At the Media and Technology Charter School (MATCH) 10th graders receive 1500 hours of learning time per year. Compare that to the 900-plus hours that most students receive and you'll see why their performance outstrips other schools. MATCH takes this informal learning so seriously, the school built a special dorm to accommodate 45 full-time tutors funded through Americorps. This is innovation in action.

Finally, as Bill Gates points out, high school students benefit from more rigorous challenges at all levels, from the best kids to those who find work most difficult.

"We need to be challenging students by setting high standards and high expectations that they'll meet them," says Jorge Miranda, a former public school teacher who now teaches math at the MATCH School. "Not all students can reach the highest standards immediately, but they're better for trying and they recognize that's the standard they have to get to."

This rigor applies to the way the school operates out of class as well as in class. MATCH has ten "non-negotiables" that involve holding students immediately accountable for seemingly small things such as untucked shirts or turning up a few minutes late for class. All around, expectations are high.

"We have a 'sweat the small stuff' mentality," says Miranda. "By setting and playing by clear rules at that level, we avoid things escalating to the big problems like guns and violence."

We in MetroWest might feel that these schools are responding solely to the achievement gap that exists between kids from urban settings and the rest of the state. In part that's true. But innovations in many urban areas are going far beyond just closing the achievement gap. They are teaching kids in new ways, preparing them to succeed in college and beyond, not simply getting them through the system and into a four-year college based on the old system of lectures, tests and drills. The graduates emerging from MATCH and UCPS are more rounded and equipped kids than many being turned out even by the best public schools in our region.

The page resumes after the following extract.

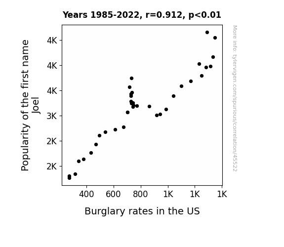This means 83.2% of the change in the one variable (i.e., Burglary rates in the US) is predictable based on the change in the other (i.e., Popularity of the first name Joel) over the 38 years from 1985 through 2022.

We need policymakers, parents and communities to embrace and enact innovative approaches in our public schools or else in two decades time, schools in urban areas will be doing a better job of equipping kids than those in the suburbs of MetroWest.

Innovation requires vision. It requires that labor unions, businesses, parents, education leaders and politicians grasp the immense opportunity offered to us. If we don't we'll be failing kids. If we do, we'll be creating a workforce and an economy that will succeed, prosper and make us proud to be the innovators who empowered and equipped an entire generation of Americans to realize their potential and be the best they can be.